Here is my real question: Does the following series converge: $-\frac{\sum_{x=1}^n (\frac{1}{x^1})}{1} + \frac{\sum_{x=1}^n (\frac{1}{x^2})}{2} - \frac{\sum_{x=1}^n (\frac{1}{x^3})}{3} + \frac{\sum_{x=1}^n (\frac{1}{x^4})}{4} - \frac{\sum_{x=1}^n (\frac{1}{x^5})}{5} + \dots$? If so, to what value? (It should be dependent on $n$, I believe).
Alternatively, why is $\underset{i \rightarrow \infty}{\lim} (\frac{\zeta(i)}{i}) = 0$ (and monotonically so)?
My thoughts: I see the geometric series in the coefficients of each term. Could I differentiate each sum $\frac{\sum_{x=1}^n (\frac{1}{x^i})}{i}$ by $i$ in order to play around with things?
Here is an answer to your question " why is $\lim_{i \to \infty} \zeta(i)/i = 0$ ( and monotonically so)."
The infinite series representation of $\zeta(s)$ converges uniformly for $\Re s \geq 1 + \delta.$
Consequently, we can interchange limits,
$$\lim_{s \to \infty} \zeta(s) =\lim_{s \to \infty} \lim_{m \to \infty}\sum_{n=1}^{m} n^{-s} = \lim_{m \to \infty} \lim_{s \to \infty}\sum_{n=1}^{m} n^{-s}= \lim_{m \to \infty} \lim_{s \to \infty} [1 + 2^{-s} + 3^{-s} + \ldots] = 1.$$
Hence,
$$\lim_{s \to \infty} \frac{\zeta(s)}{s} = 0.$$
If $s_2 > s_1$, then $n^{-s_2} < n^{-s_1}$, and
$$\sum_{n=1}^{m} n^{-s_2} < \sum_{n=1}^{m} n^{-s_1}.$$
Since this is true for all $m$, we have
$$\zeta(s_2) < \zeta(s_1),$$
and
$$\frac{\zeta(s_2)}{s_2} < \frac{\zeta(s_1)}{s_1}.$$
Therefore, both $\zeta(s)$ and $\zeta(s)/s$ are monotonically decreasing.
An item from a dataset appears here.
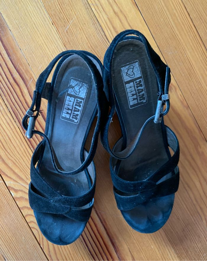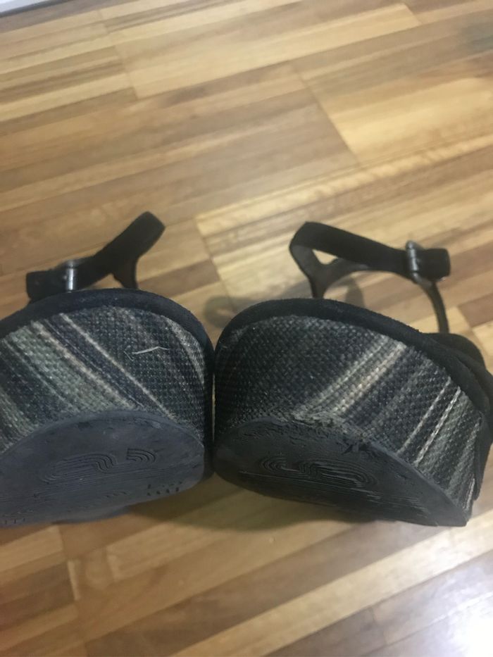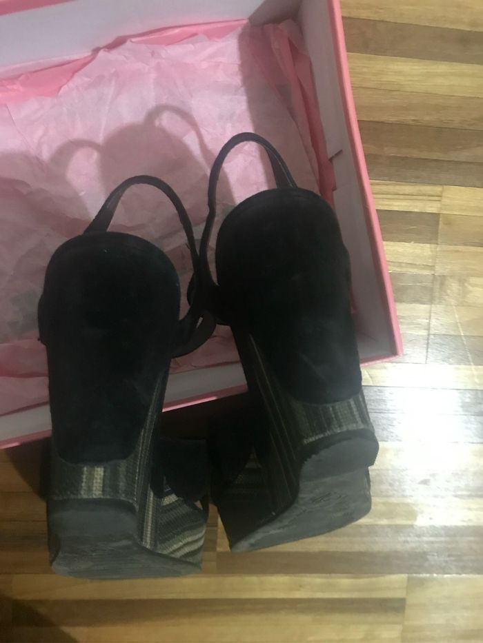 Nu-pieds noir à semelles compensées en 40 Tissu doux comme le velours Hauteur du talon 11 cm Hauteur semelles devant 3 cm Bon état juste semelles un peu frottée devant

Proof of limit interchange.
For a partial sum, given any $\epsilon > 0$ there exists $K(m) > 0$ such that if $s > K(m)$ , then
$$\left|\sum_{n=1}^m n^{-s} - 1 \right| < \frac{\epsilon}{2}.$$
By uniform convergence, there exists $M \in \mathbb{N}$ such that if $m \geqslant M$ then for all $s$ with $\Re s \geq 1 + \delta,$
$$\left|\zeta(s) - \sum_{n=1}^m n^{-s}\right| < \frac{\epsilon}{2}.$$
Hence, if $s > K(M)$, then
$$|\zeta(s) - 1| \leqslant \left|\zeta(s) - \sum_{n=1}^M n^{-s}\right|+ \left|\sum_{n=1}^M n^{-s} - 1 \right| \leqslant \epsilon.$$